Problem:
Please reproduce the entries below exactly from the line with "kulinarischen Spezialitäten erfüllen." through their last line, leaving out any pictures.

[Collected data]
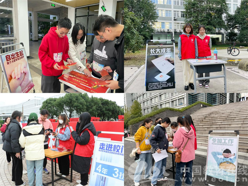 中国教育在线浙江站讯 (记者 占尘雪 通讯员 温大萱)2022年12月4日是第九个国家宪法日,今年也是我国现行宪法公布施行四十周年。为认真学习习近平法治思想,深入贯彻落实党的二十大精神,进一步在青年大学生中普及宪法知识、弘扬宪法精神、树立宪法权威,51吃瓜 组织开展了以“学习宣传贯彻党的二十大精神,推动全面贯彻实施宪法”为主题的宪法宣传周系列活动。从干货满满的宣讲视频到思维碰撞的宪法知识竞赛,从社区、校园普法到国旗下的庄严宣誓,内容丰富、形式多元,为师生带来丰富的宪法宣传活动体验。
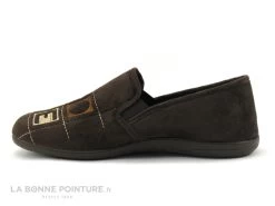 Ce chausson Homme est en velours marron chocolat, avec l’inscription HOME sur le devant de la chaussure.
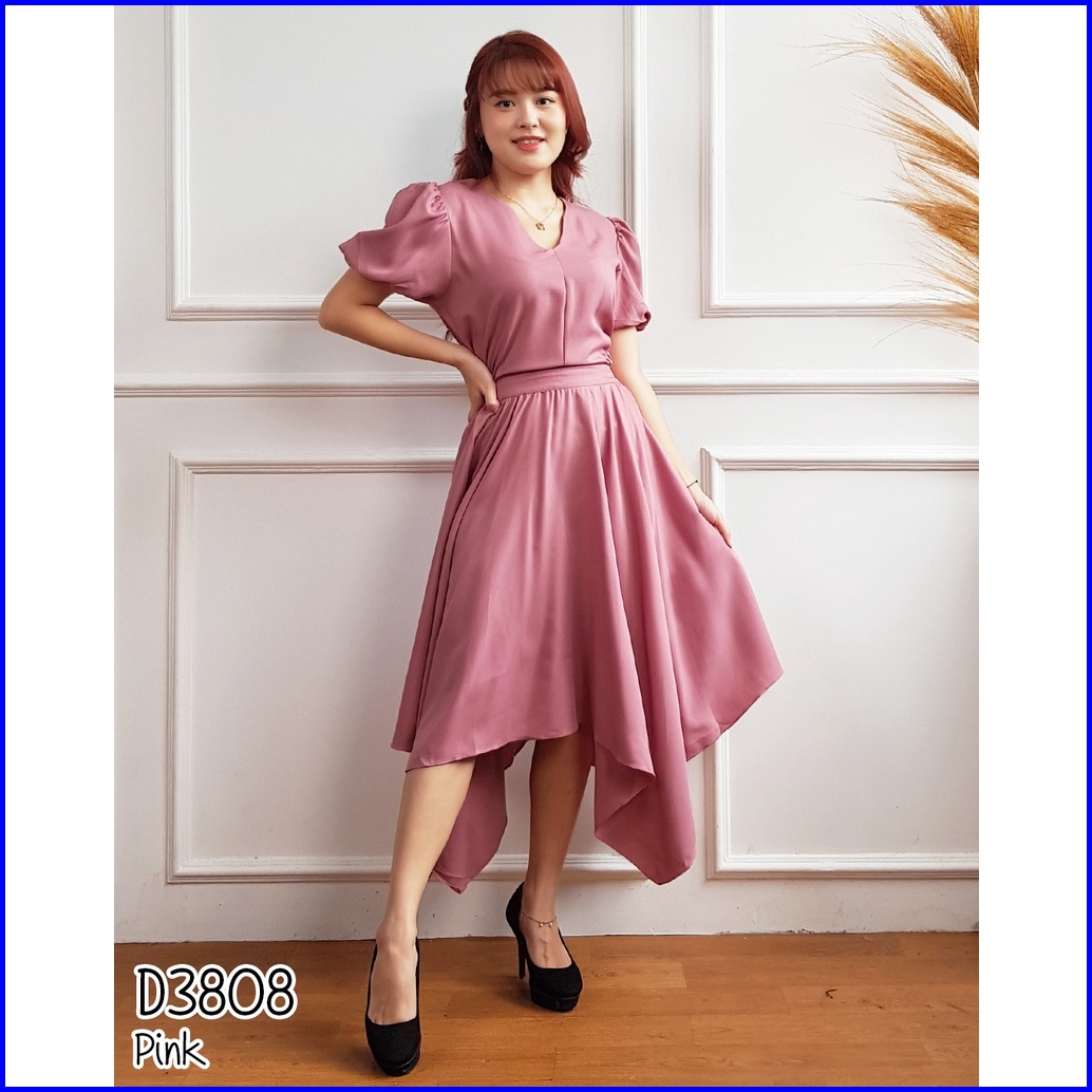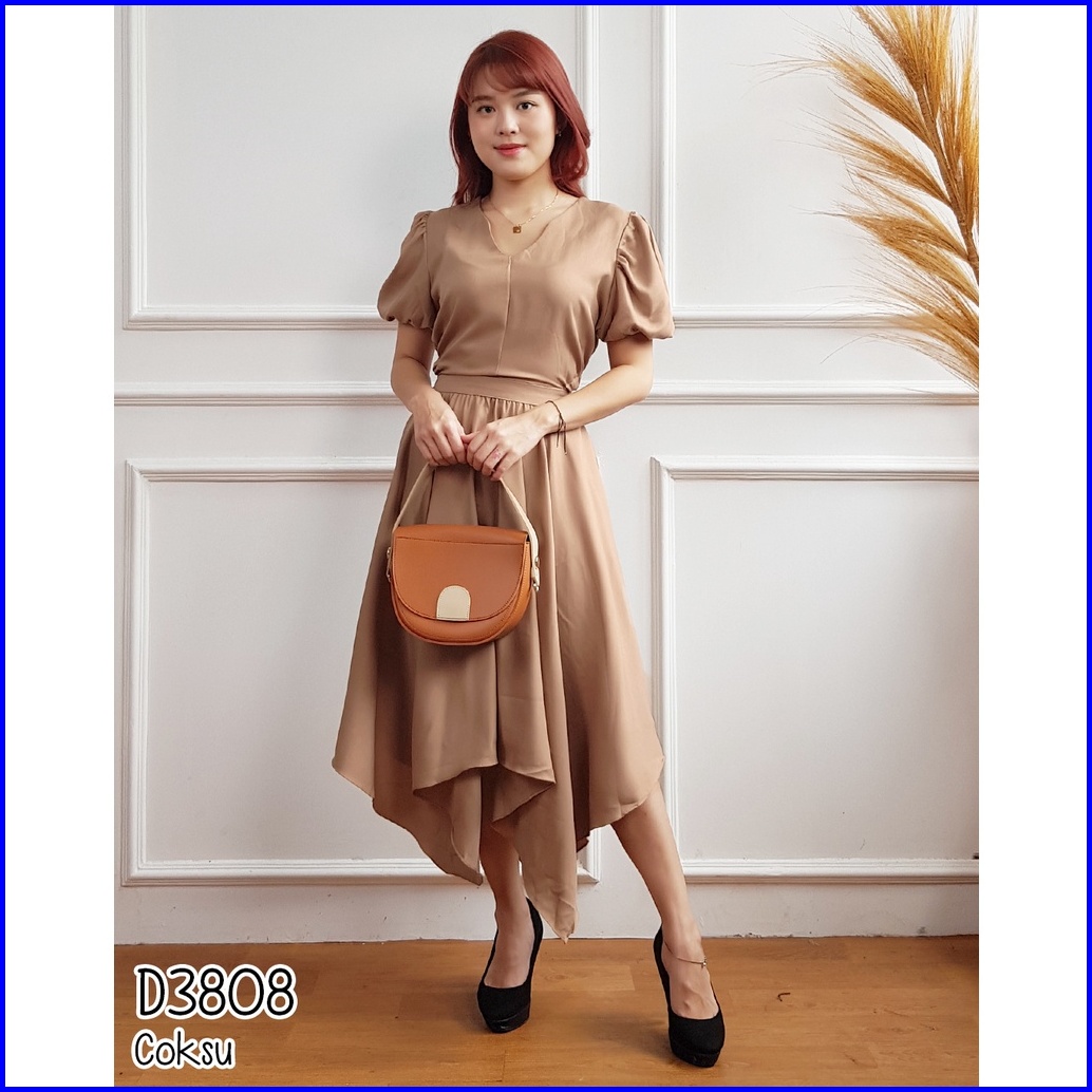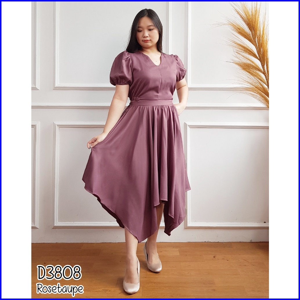 Missol Dress Wanita Flare Polos Asimetris Feminine Look D3808
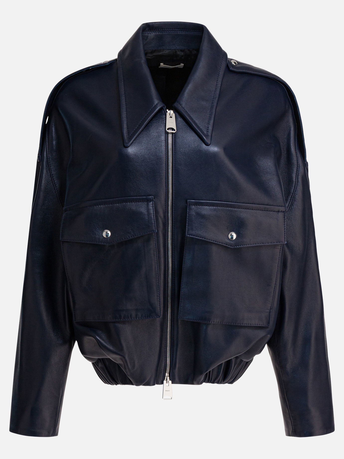 Khaite "Owey" bomber jacket made of soft, lightweight plongé leather. The construction features a rounded blouson silhouette with dropped shoulders and a gathered band hem. The collar, shoulder straps and sleeves are elongated in proportion to the body. Double-slider zipper with distinctive metal details. Two patch pockets on the front. Internally, the jacket is lined in cupro twill with a silky hand.
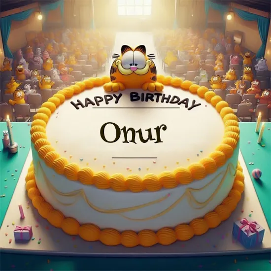 Feiere Onurs Geburtstag mit einer bezaubernden Garfield-Torte! Lade dieses personalisierte Geburtstagstorten-Bild mit Onur kostenlos herunter und teile die Freude. Glückwunsch zum Geburtstag Onur! Eine wunderschöne cremige Torte mit Garfield-Dekoration wartet auf dich. Kostenloser Download der personalisierten Geburtstagstorte mit Onur.
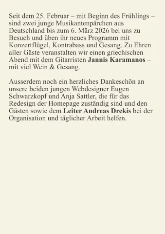 • Unser Weihnachtsfest am 25. Dezember 2025 wird der griechische Sänger und Gitarrist Jannis Karamanos mit seinem großen Repertoire voller griechischer Leidenschaft gepaart mit kulinarischen Spezialitäten erfüllen.
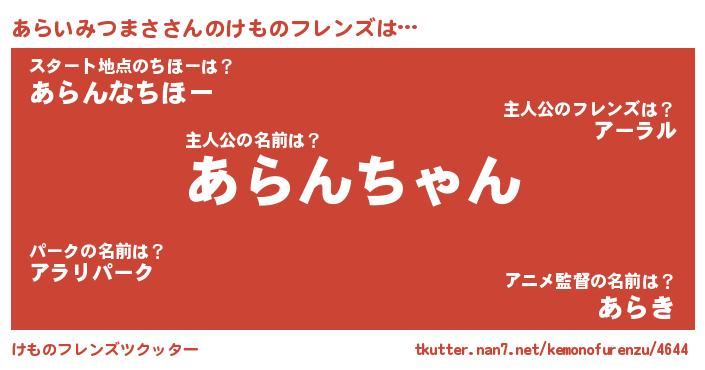 | ヒーロー風カッコイイあだ名 | 『スーパーアライミツマサ』 |

Solution to this task:
 • Unser Weihnachtsfest am 25. Dezember 2025 wird der griechische Sänger und Gitarrist Jannis Karamanos mit seinem großen Repertoire voller griechischer Leidenschaft gepaart mit kulinarischen Spezialitäten erfüllen.
 | ヒーロー風カッコイイあだ名 | 『スーパーアライミツマサ』 |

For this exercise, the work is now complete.